**WORK REQUEST**.
Pictures appear among the records. Write out all else exactly as it stands.

**Items from a dataset**.
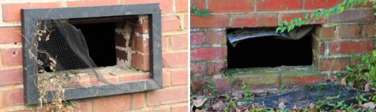Pictured top: Thieves apparently accessed the crawlspace under the Molino Community Complex using small ventilation openings on the front (pictured left) and back (right) of the building. Pictured inset: A sign on an HVAC unit warns of an alarm system. Pictured below: The HVAC units at the county owned building were also protected by fencing and cages around each unit. NorthEscambia.com photos, click to enlarge.
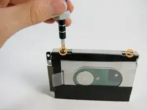 Используя крестовую отвертку Phillips #1, отвинтите четыре монтажных винта 3 мм по обеим сторонам рамки жесткого диска (по 2 с каждой стороны).
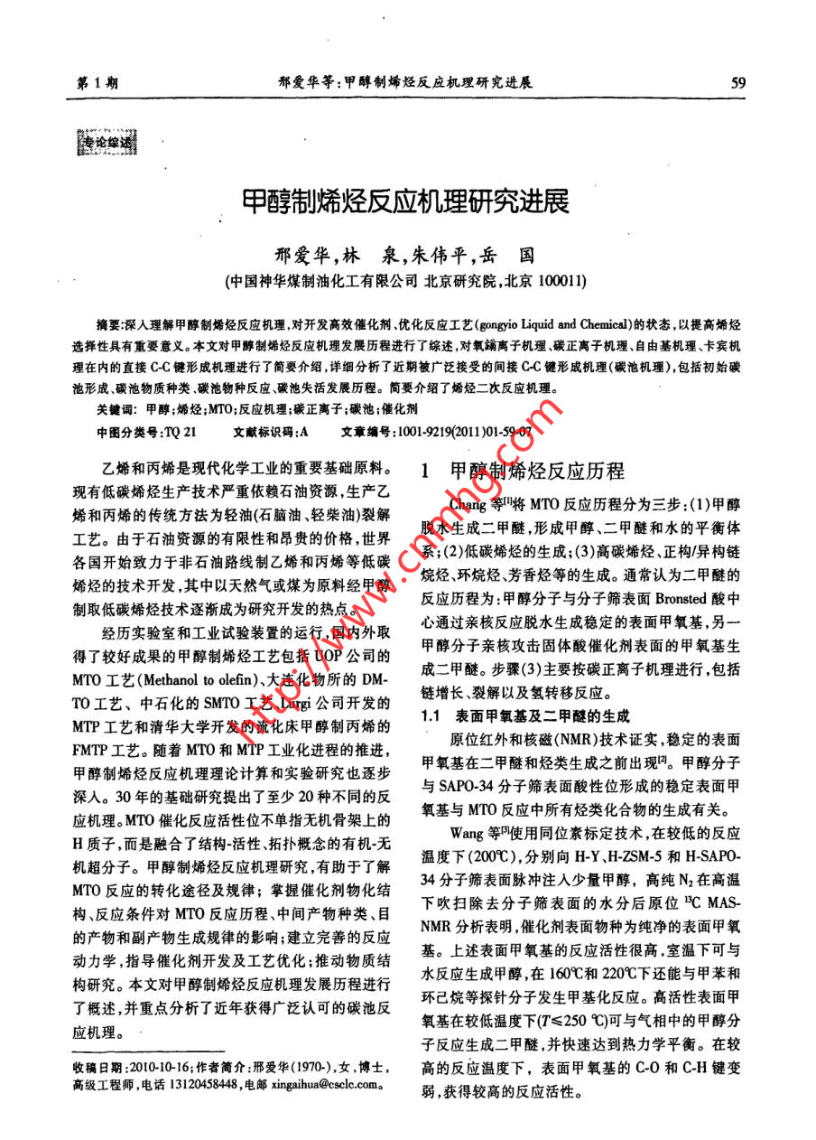 精甲醇及MTO级甲醇精馏工艺技术进展 2020-03-17
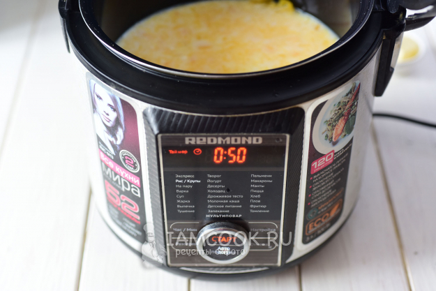 На панели управления выберем программу "Рис/крупы" и установим время в 50 минут, нажмем "Старт".
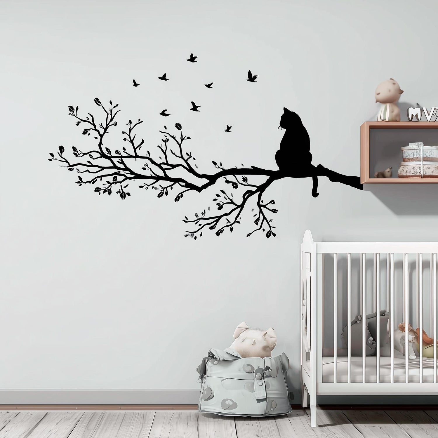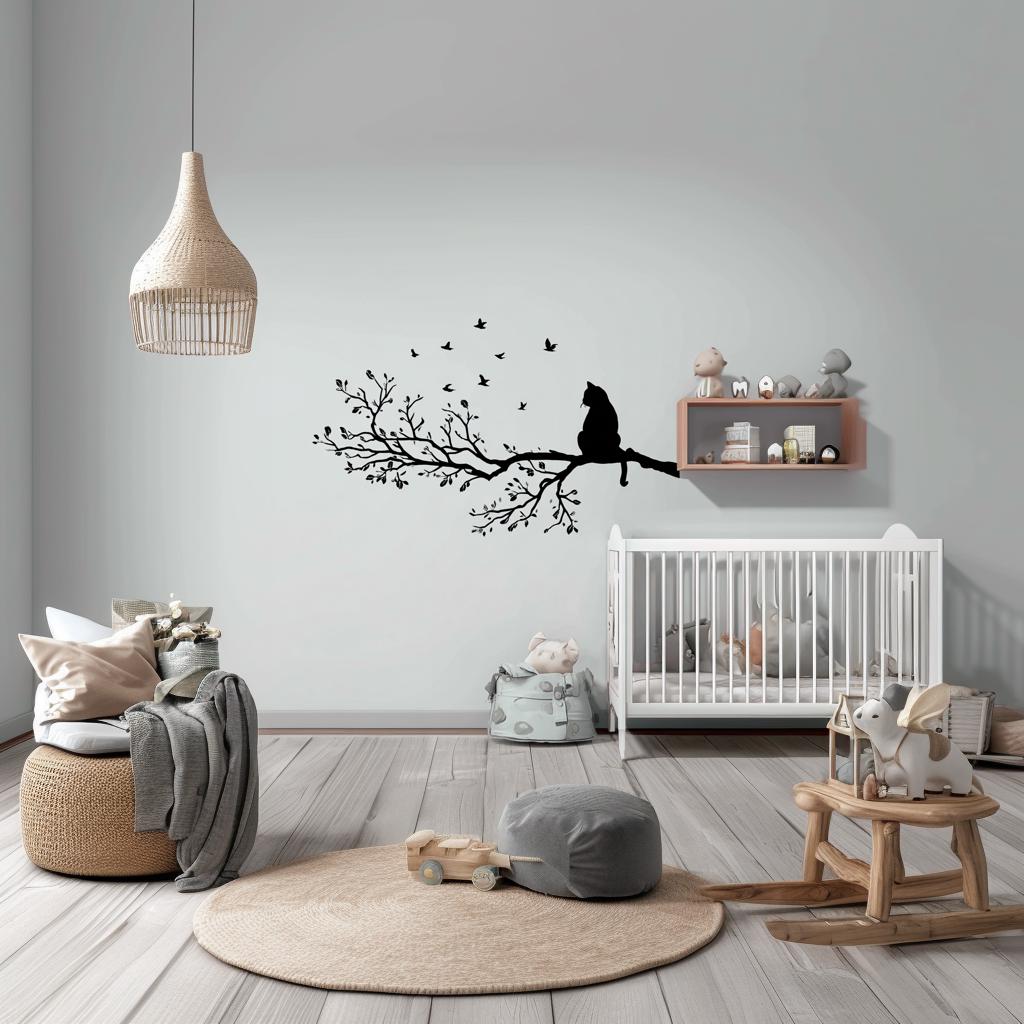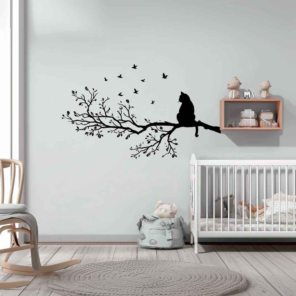 Vinyl wall decal of a cat sitting on a detailed tree branch with flying birds. The decal is solid black with no background and is applied above a crib in a soft-toned nursery.
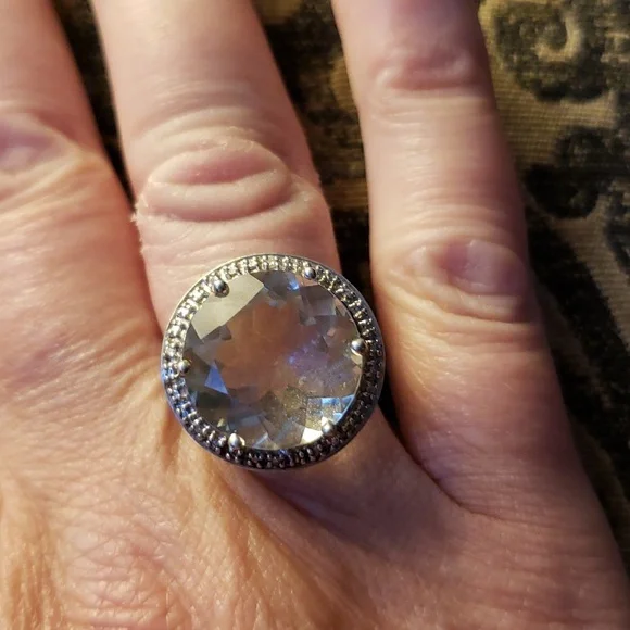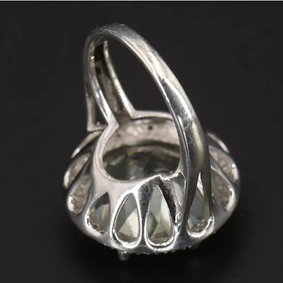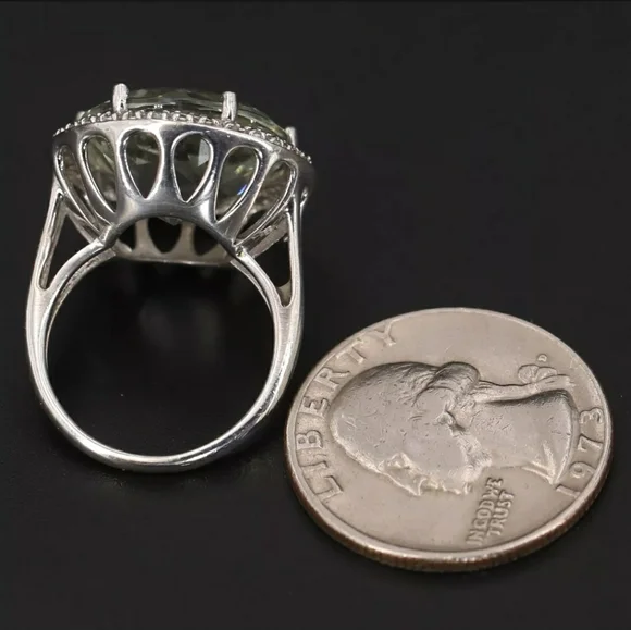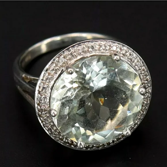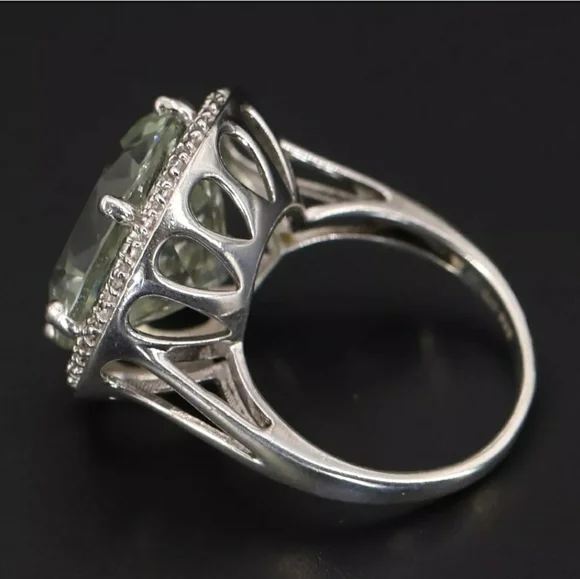 This stunning vintage statement ring is extraordinarily rare and highly sought after! It features a large precisely faceted and sparkling authentic Prasiolite gemstone set in a pure .925 sterling silver carriage and designer signed band! Weighs 6 grams! EUC! Hurry on this one! Other listingswomens rings 925 sterling silver gold rose gold platinum authentic genuine gemstones gemstone anniversary promise engagement birthday birthstone moissanite ruby garnet sapphire paraiba tourmaline peacock quartz peridot opal ethiopian welo opal amethyst diamond aquamarine apatite morganite topaz emerald jade goshenite shungite rare sleeping beauty turquoise alexandrite tanzanite D´joy Zales Clyde Duneier Michael Valitutti Victoria Wieck Kabana Colleen Lopez Tacori gift gifts gift ideasAll sales final!
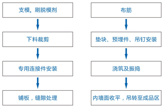 生產(chǎn)預(yù)制混凝土外墻板或構(gòu)件時,在構(gòu)件??騼?nèi),先安裝ASG反打模板并設(shè)置連接件等可靠連接及增強(qiáng)措施,保溫板上方綁扎墻體鋼筋,在其上澆筑混凝土,將保溫層與混凝十主墻體一體化預(yù)制成型的保溫與結(jié)構(gòu)一體化的外墻保溫系統(tǒng)。面層施工在構(gòu)件吊裝施工完成后進(jìn)行。
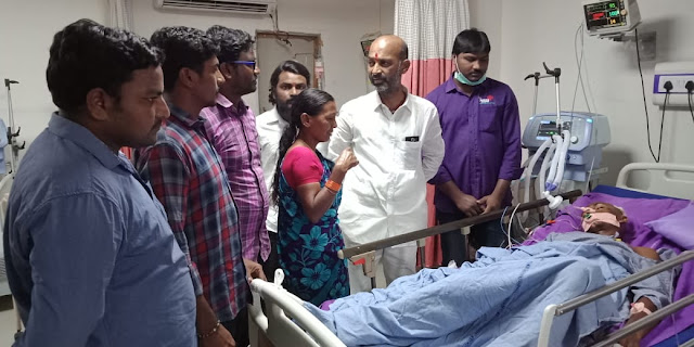 మృత్యువుతో పోరాడుతున్నా వెంకటేష్ ను కుటుంబాన్ని పరామర్శించిన కరీంనగర్ ఎంపీ బండి సంజయ్
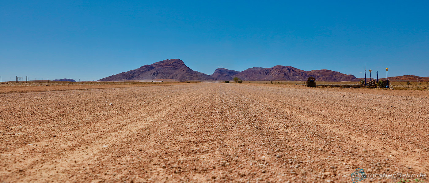 Auf dem Weg nach Sossusvlei kommt man an einer der wegigen Tankstellen vorbei.
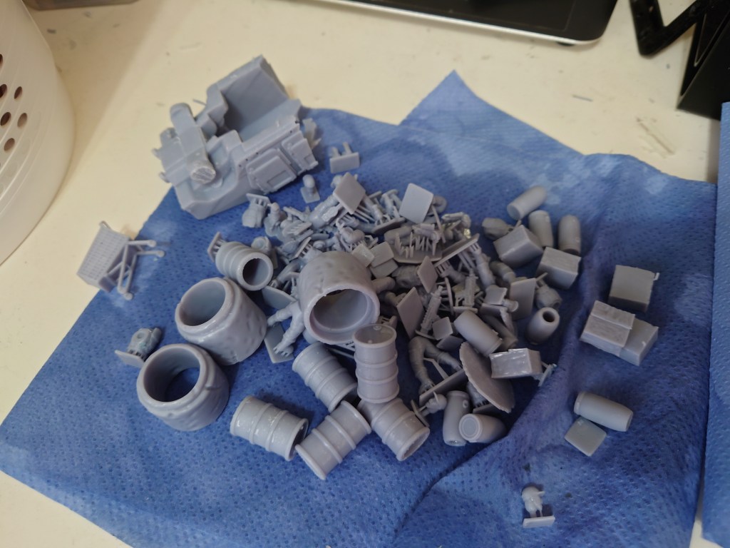 Current state above. The roofs, doors and other fittings will all be a different grey, and when assembled they’ll provide some nice options for the table. The next task for these will be to add bases and some scatter to bring them to life, hence this lot off the 3d printer:
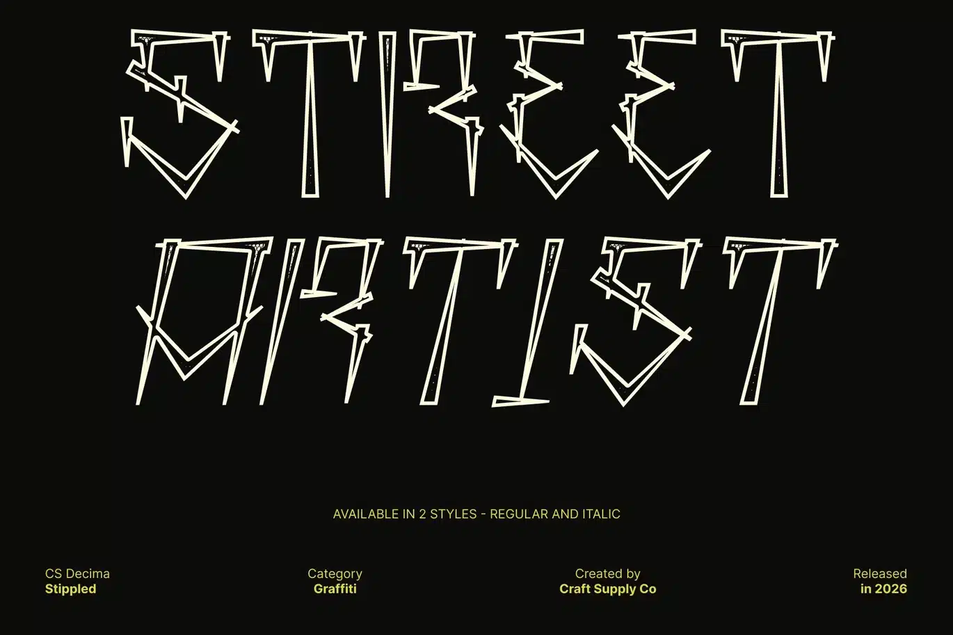 This is ideal for youth-oriented, music posters, event flyers, social media visuals, and urban-themed designs. By combining graffiti-inspired letterforms with a textured stippled finish, the font delivers a powerful street-style personality that helps designs stand out with energy and authenticity.

**RESPONSE TO THIS TASK**.
Pictured top: Thieves apparently accessed the crawlspace under the Molino Community Complex using small ventilation openings on the front (pictured left) and back (right) of the building. Pictured inset: A sign on an HVAC unit warns of an alarm system. Pictured below: The HVAC units at the county owned building were also protected by fencing and cages around each unit. NorthEscambia.com photos, click to enlarge.
 Используя крестовую отвертку Phillips #1, отвинтите четыре монтажных винта 3 мм по обеим сторонам рамки жесткого диска (по 2 с каждой стороны).
 精甲醇及MTO级甲醇精馏工艺技术进展 2020-03-17
 На панели управления выберем программу "Рис/крупы" и установим время в 50 минут, нажмем "Старт".
 Vinyl wall decal of a cat sitting on a detailed tree branch with flying birds. The decal is solid black with no background and is applied above a crib in a soft-toned nursery.
 This stunning vintage statement ring is extraordinarily rare and highly sought after! It features a large precisely faceted and sparkling authentic Prasiolite gemstone set in a pure .925 sterling silver carriage and designer signed band! Weighs 6 grams! EUC! Hurry on this one! Other listingswomens rings 925 sterling silver gold rose gold platinum authentic genuine gemstones gemstone anniversary promise engagement birthday birthstone moissanite ruby garnet sapphire paraiba tourmaline peacock quartz peridot opal ethiopian welo opal amethyst diamond aquamarine apatite morganite topaz emerald jade goshenite shungite rare sleeping beauty turquoise alexandrite tanzanite D´joy Zales Clyde Duneier Michael Valitutti Victoria Wieck Kabana Colleen Lopez Tacori gift gifts gift ideasAll sales final!
 生產(chǎn)預(yù)制混凝土外墻板或構(gòu)件時,在構(gòu)件??騼?nèi),先安裝ASG反打模板并設(shè)置連接件等可靠連接及增強(qiáng)措施,保溫板上方綁扎墻體鋼筋,在其上澆筑混凝土,將保溫層與混凝十主墻體一體化預(yù)制成型的保溫與結(jié)構(gòu)一體化的外墻保溫系統(tǒng)。面層施工在構(gòu)件吊裝施工完成后進(jìn)行。
 మృత్యువుతో పోరాడుతున్నా వెంకటేష్ ను కుటుంబాన్ని పరామర్శించిన కరీంనగర్ ఎంపీ బండి సంజయ్
 Auf dem Weg nach Sossusvlei kommt man an einer der wegigen Tankstellen vorbei.
 Current state above. The roofs, doors and other fittings will all be a different grey, and when assembled they’ll provide some nice options for the table. The next task for these will be to add bases and some scatter to bring them to life, hence this lot off the 3d printer:
 This is ideal for youth-oriented, music posters, event flyers, social media visuals, and urban-themed designs. By combining graffiti-inspired letterforms with a textured stippled finish, the font delivers a powerful street-style personality that helps designs stand out with energy and authenticity.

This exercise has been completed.